Single-stock ETFs, Black Wednesday, Howard Marks and randomness - the best investing blogs and podcasts from the past week
With the Nasdaq trading down 27% this year (it’s down 3.4% this week) it’s fair to say we’re not really in the kind of ‘euphoric’ phase you tend to get with market manias.
Yet there are smoke signals out there that really give the impression that not everyone’s got the memo that shares can go down very sharply.
Over the summer American regulators gave the green-light to the first of what’s likely to be hundreds of so-called ‘single-stock ETFs’.
Sounds crazy? It sure is. In fact, these things are possibly crazier than anyone new to this would think.
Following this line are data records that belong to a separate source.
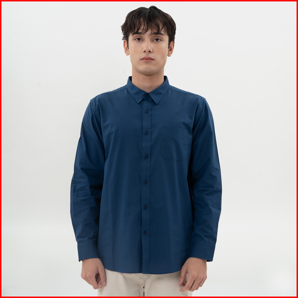 M231 Kemeja Pria Basic Polos Panjang Navy 0642j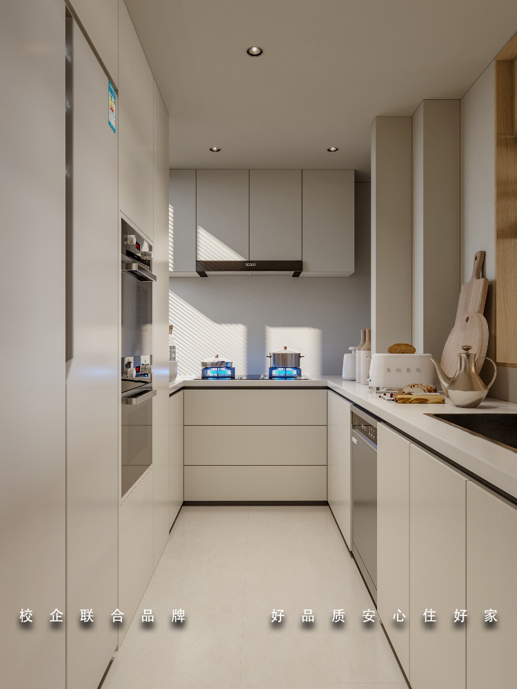 空间利用方面颇为用心,采用开放式或半开放式的布局思路,使各功能区既相对独立又能相互联动,减少了空间的割裂感。厨房的 U 型布局,合理分配操作区域,提升了使用效率;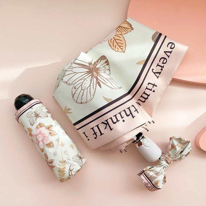 INS красивый французский стиль розовый ретро автоматический зонт для девочек виниловый солнцезащитный зонт УФ-защитный складной зонт от солнца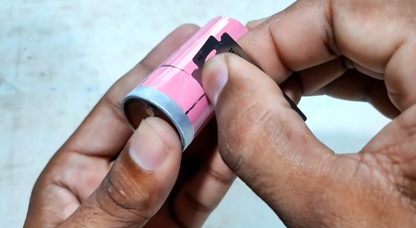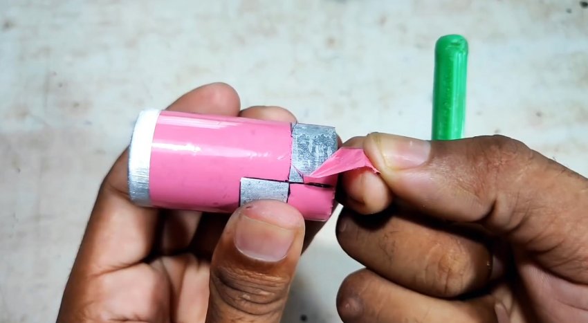 Из бумаги вырезается шаблон, по которому нужно разместить изолированный конденсатор, и оголить его поверхность. Каждый такой открытый островок будет замыкать отдельную гирлянду, в результате чего та сможет гореть короткое время. Конденсатор разделяется по окружности на количество дорожек, равное количеству гирлянд для подсоединения. На каждой из них вырезаете такой островок, но не напротив друг друга.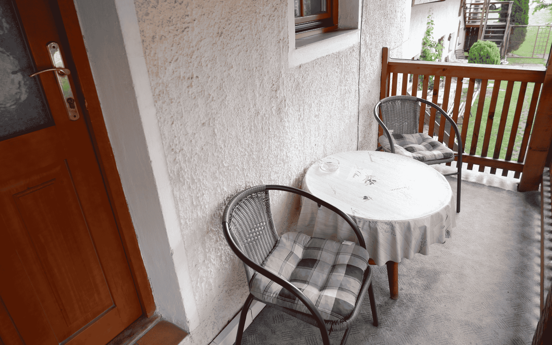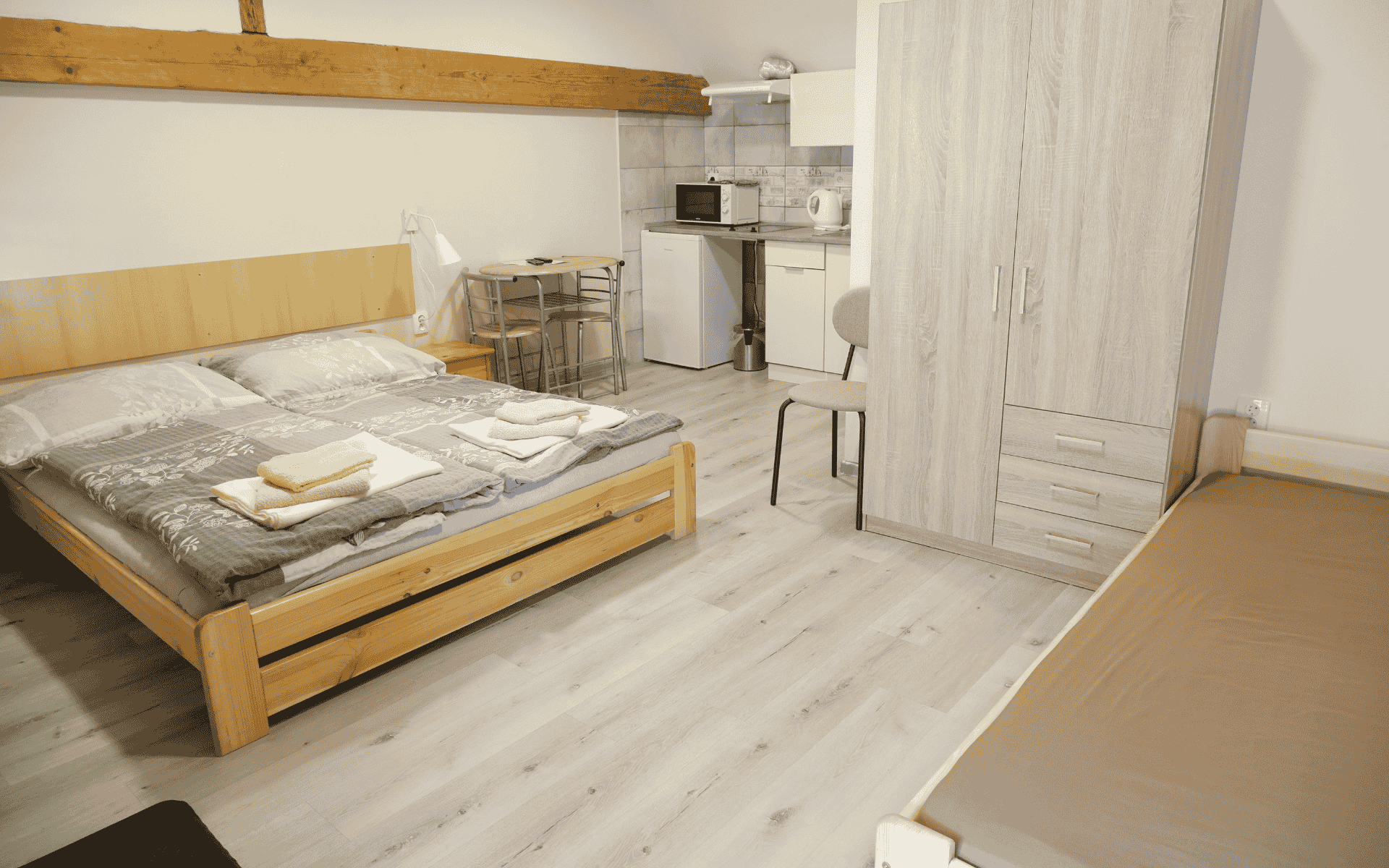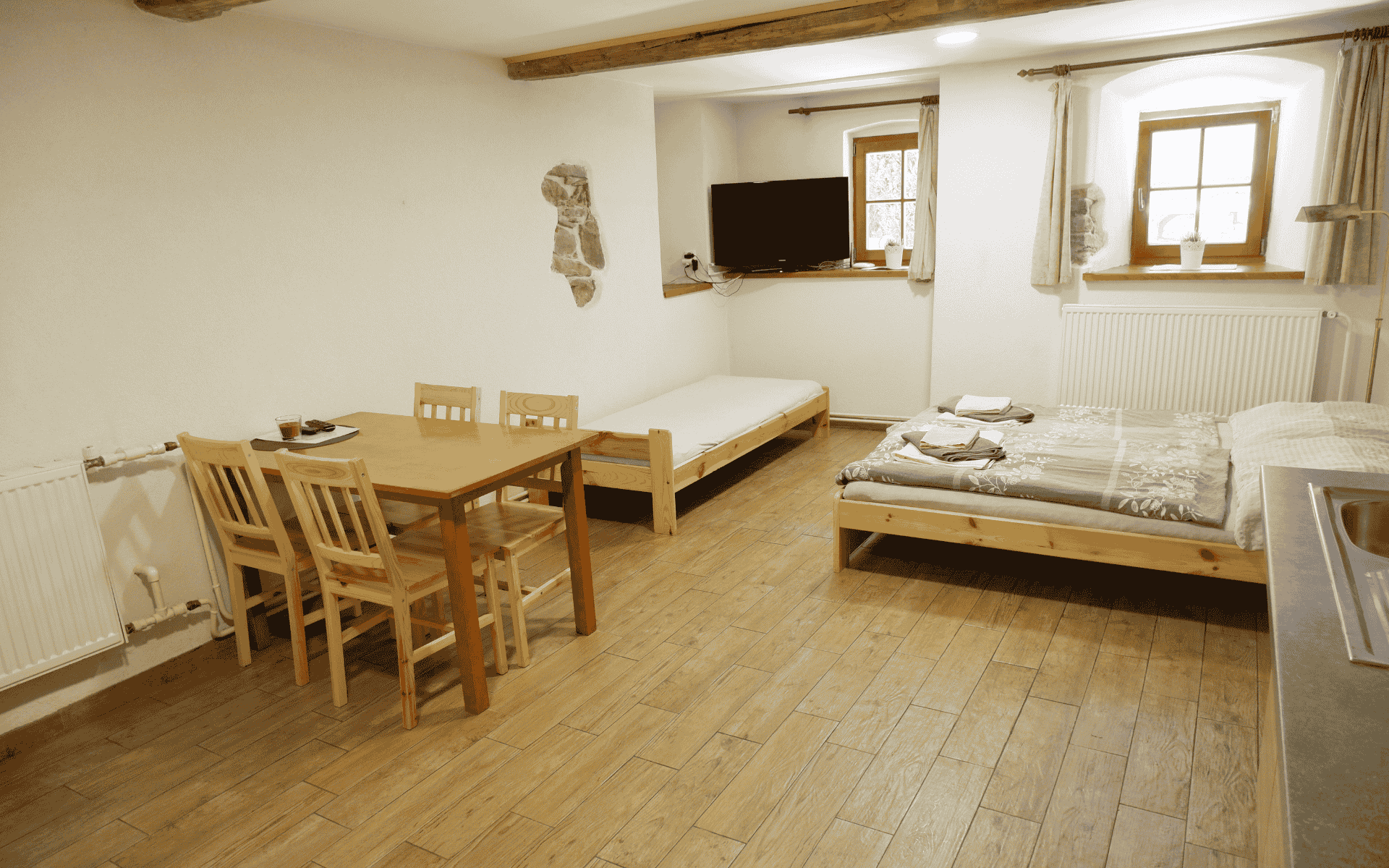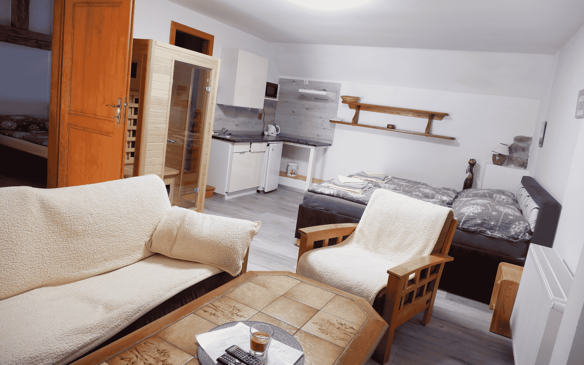 Tento čtyřlůžkový apartmán se nachází v prvním podlaží budovy a má vlastní pavlač s venkovním posezením. V hlavní místnosti se nachází manželská postel, přistýlka, kuchyňský kout, pohovka a TV. V druhé místnosti jsou dvě samostatná lůžka a součástí apartmánu je také koupelna se sprchovým koutem a infra saunou, kterou lze využít za 300,- Kč/den.

To start with, the name is an oxymoron really, because ETFs - like them or not - symbolise the passive investment movement. In simple terms, regular ETFs buy you broad exposure to a market, index, sector or style. For those that don’t want to pick their own shares, these things can be wonderful. And because there’s no active management (just an underlying index to track) they’re also cheap.
Not so much with single-stock ETFs. While the ‘single stock’ element is intriguing, the main point of these products is they’re leveraged. And they’re relatively expensive too.
It means that investors in the States can now buy the likes of Tesla, Apple, Nike, Pfizer and others in wrappers that offer long or short exposure and outcomes that are magnified by perhaps 1.5 to 2.0 times.
One of the other ‘exciting’ things about single-stock ETFs is that the leverage resets daily. They are, in reality, a daily product (again veering away from how most people think about ETFs). That reset means that leveraged losses can compound against you if things go wrong. Basically, you can lose your capital really fast.
Now to be fair, single-stock ETFs have been available in Europe for a while. And let’s not forget that it’s perfectly possible to engineer similar leveraged exposures using spread betting and CFDs. But you have to know what you’re doing.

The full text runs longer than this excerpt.